(Entries taken from a collection)
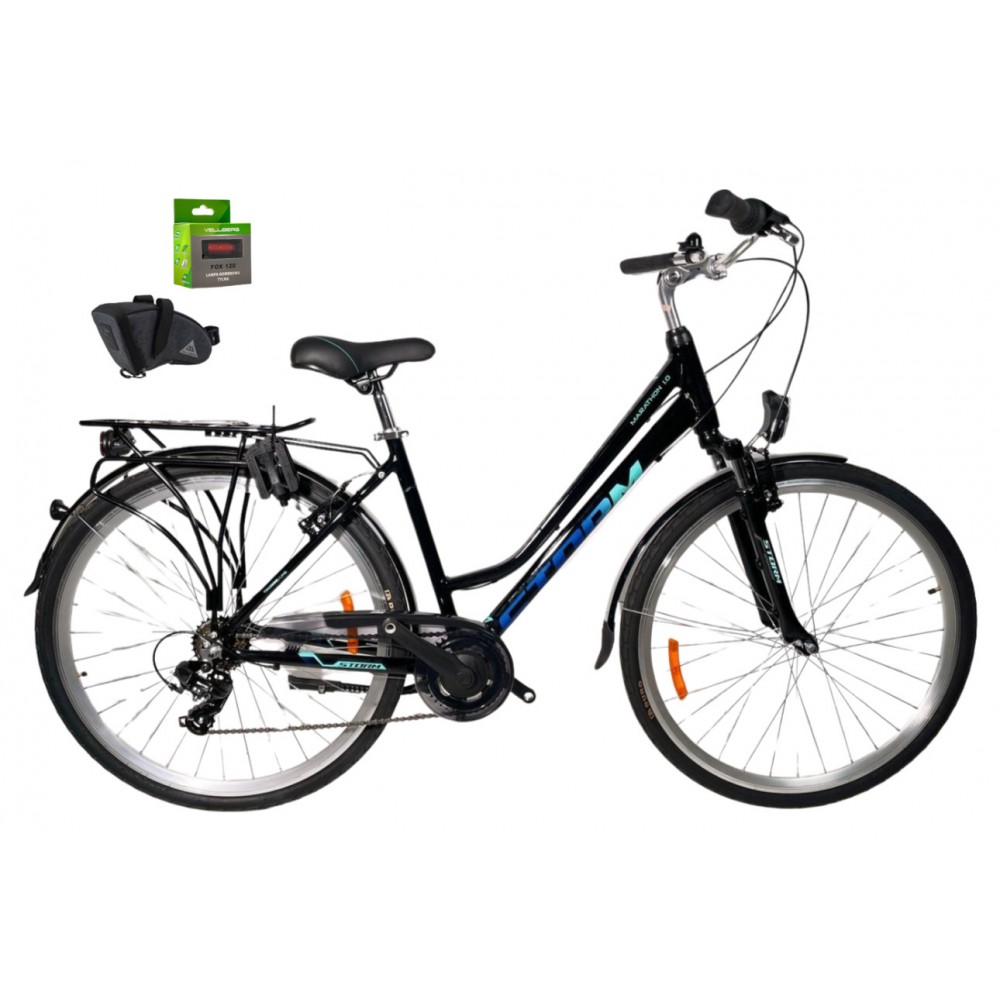 Rower 28 STORM Marathon 1.0 trekking Tourney 19" czarny turkus +GRATIS
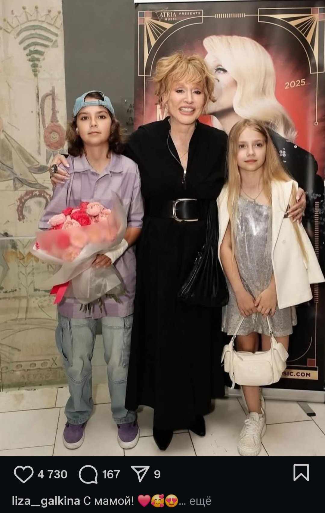 Дочь Пугачевой и Галкина обнародовала фото с мамой и братом, подписав снимок лаконично: “С мамой”. Ранее журналисты акцентировали свое внимание на том, что двойняшки редко показывают свои чувства на людях и практически никогда не называют Аллу Борисовну “мамой”.
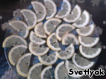 Лимончик вымыть горячей водой, нарезать полукругами, вынимая при этом зернышки, и выложить на тарелку в один слой. Слегка посыпать сахаром каждый кусочек.
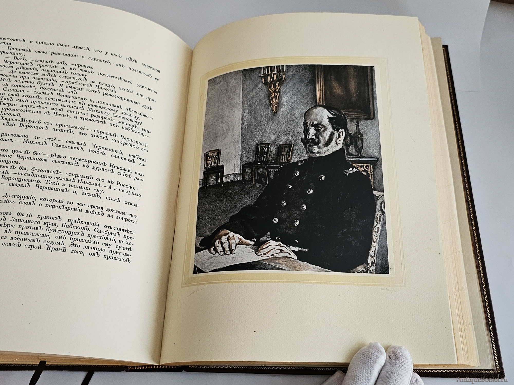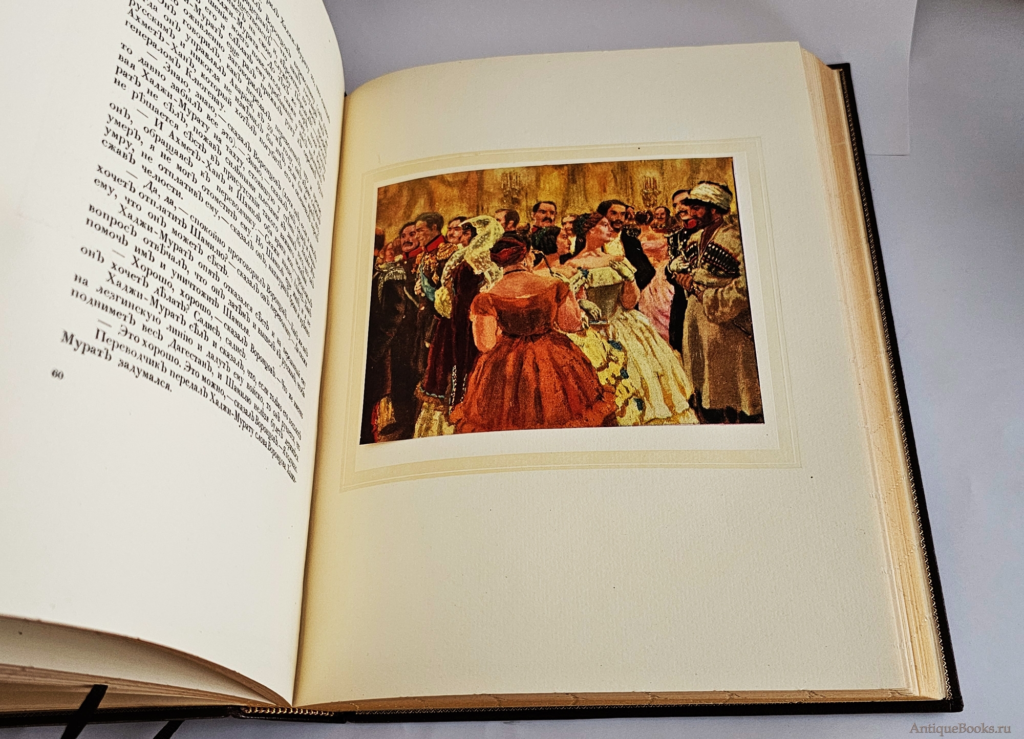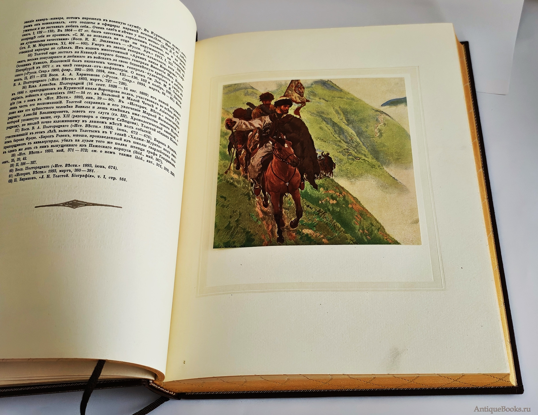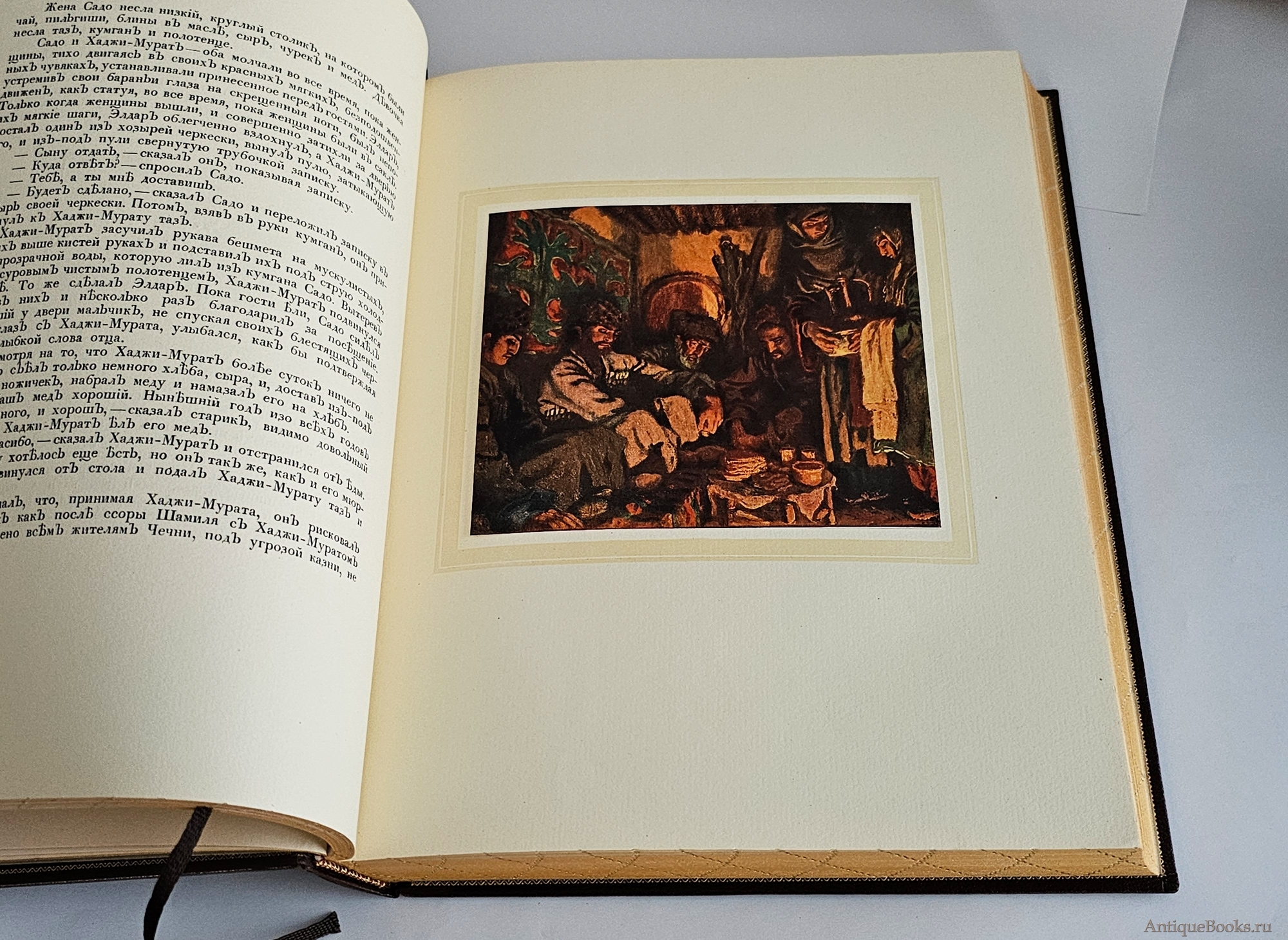 Антикварная книга в красивом современном цельнокожаном переплете с инкрустацией. На верхней крышке переплета - портрет Хаджи-Мурата, героя повести Л.Н.Толстого. Роскошное золотое тиснение по корешку. Золотой обрез с сеточкой. XXXII+162+XIII+[1] стр. Форзацы и золотая дублюра. Книга большого подарочного формата: 31x24 см. Качественная плотная вержированная бумага. С иллюстрациями выдающегося художника Е.Е. Лансере. Чистый красивый и редкий экземпляр.
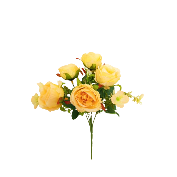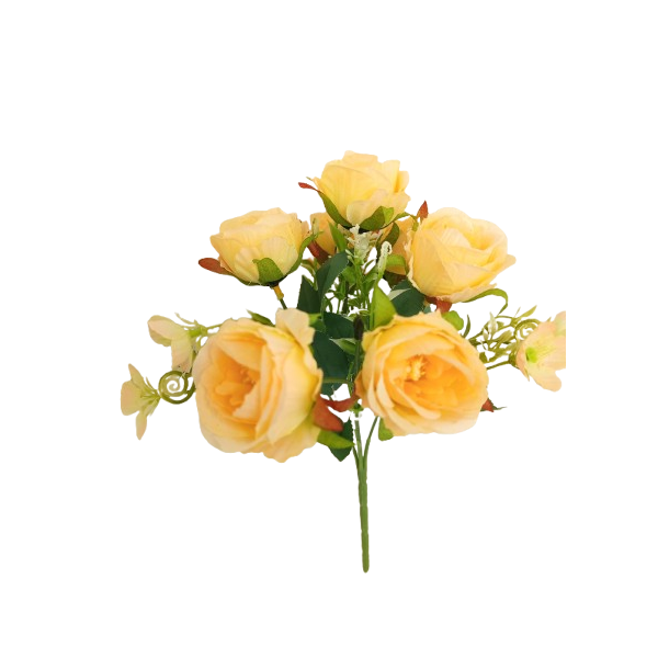 Růže - kytice s přízdobou x5 stonků; v. 27 cm; x7 květů 3x4,5 cm; materiál plast a textil. Pěkné, jemné a dekorativní.

### About this task
A word-for-word copy of the lines from the one with "Антикварная книга в" through the last line of the data above is required, with both end lines included and no pictures.

### Solution
 Антикварная книга в красивом современном цельнокожаном переплете с инкрустацией. На верхней крышке переплета - портрет Хаджи-Мурата, героя повести Л.Н.Толстого. Роскошное золотое тиснение по корешку. Золотой обрез с сеточкой. XXXII+162+XIII+[1] стр. Форзацы и золотая дублюра. Книга большого подарочного формата: 31x24 см. Качественная плотная вержированная бумага. С иллюстрациями выдающегося художника Е.Е. Лансере. Чистый красивый и редкий экземпляр.
 Růže - kytice s přízdobou x5 stonků; v. 27 cm; x7 květů 3x4,5 cm; materiál plast a textil. Pěkné, jemné a dekorativní.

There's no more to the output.